Collected material ▸
***
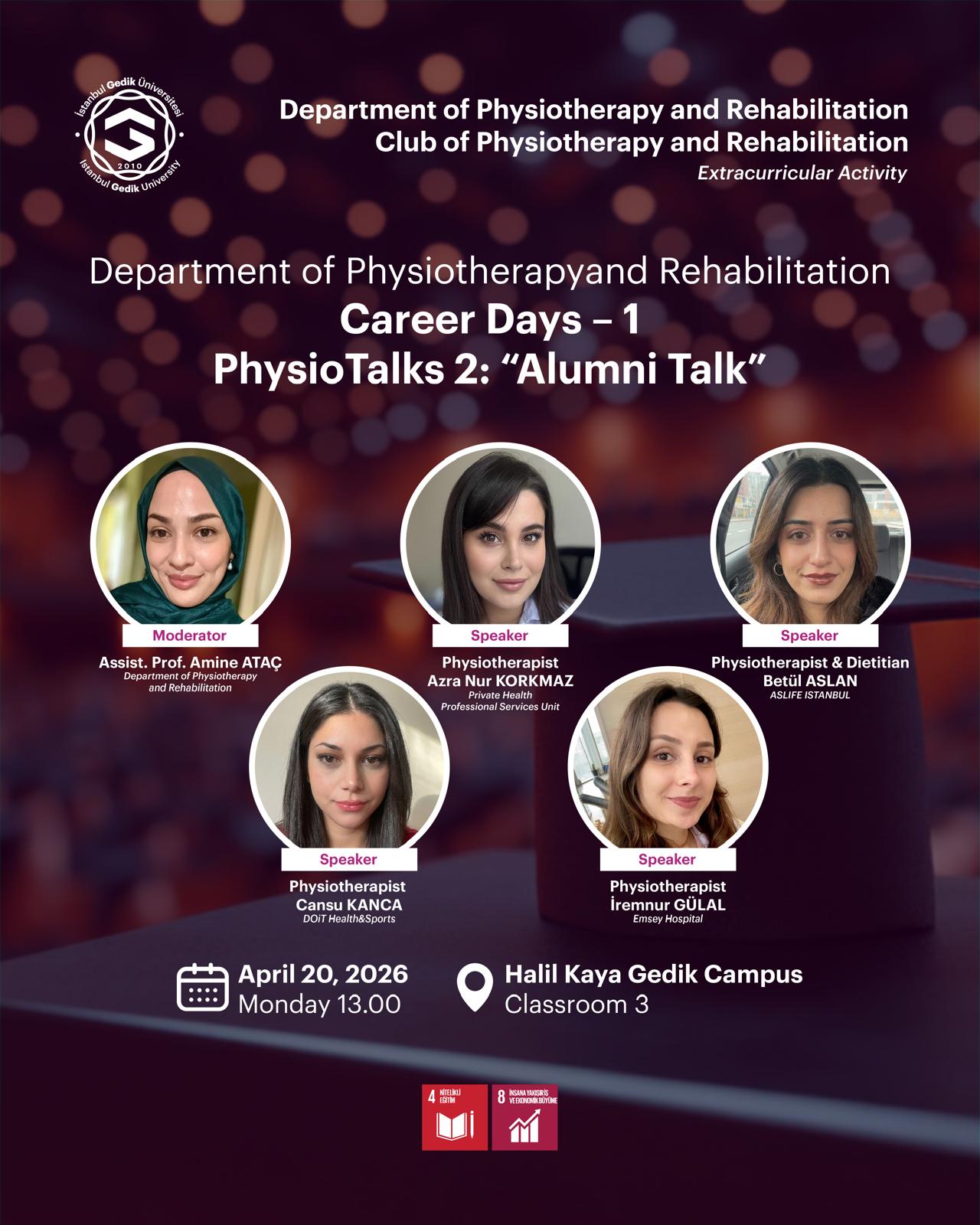 The PhysioTalks 2: Alumni Talk, organized within the scope of “Career Days – 1” by the Department of Physiotherapy and Rehabilitation and the Physiotherapy and Rehabilitation Student Club at Istanbul Gedik University, was held on April 20, 2026, at the Halil Kaya Gedik Campus with high participation.
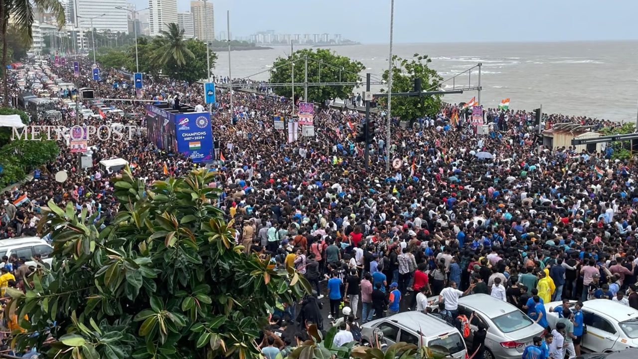മുംബൈ: ട്വന്റി 20 ലോകചാമ്പ്യന്മാരായ ഇന്ത്യന് ടീമിന്റെ മെഗാ റോഡ്ഷോയ്ക്ക് മുംബൈ മറൈന് ഡ്രൈവില് തുടക്കമായി. പ്രിയതാരങ്ങള്ക്കൊപ്പം വിജയ ആഘോഷത്തിന് കോടിക്കണക്കിന് ആരാധകരാണ് എത്തിച്ചേര്ന്നത്. മുംബൈയില് പെയ്യുന്ന
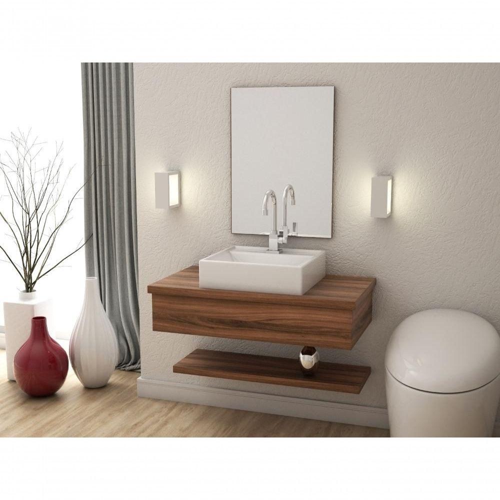 Conjunto De Banheiro Balcão Suspenso Bn3601 S- Cuba 80cm E Armário C- Espelho Bn3610 Amêndoa - Tecno Mobili
***
Exercise ▸
Every line above is to be duplicated exactly; no picture should be carried over.

Completed task ▸
 The PhysioTalks 2: Alumni Talk, organized within the scope of “Career Days – 1” by the Department of Physiotherapy and Rehabilitation and the Physiotherapy and Rehabilitation Student Club at Istanbul Gedik University, was held on April 20, 2026, at the Halil Kaya Gedik Campus with high participation.
മുംബൈ: ട്വന്റി 20 ലോകചാമ്പ്യന്മാരായ ഇന്ത്യന് ടീമിന്റെ മെഗാ റോഡ്ഷോയ്ക്ക് മുംബൈ മറൈന് ഡ്രൈവില് തുടക്കമായി. പ്രിയതാരങ്ങള്ക്കൊപ്പം വിജയ ആഘോഷത്തിന് കോടിക്കണക്കിന് ആരാധകരാണ് എത്തിച്ചേര്ന്നത്. മുംബൈയില് പെയ്യുന്ന
 Conjunto De Banheiro Balcão Suspenso Bn3601 S- Cuba 80cm E Armário C- Espelho Bn3610 Amêndoa - Tecno Mobili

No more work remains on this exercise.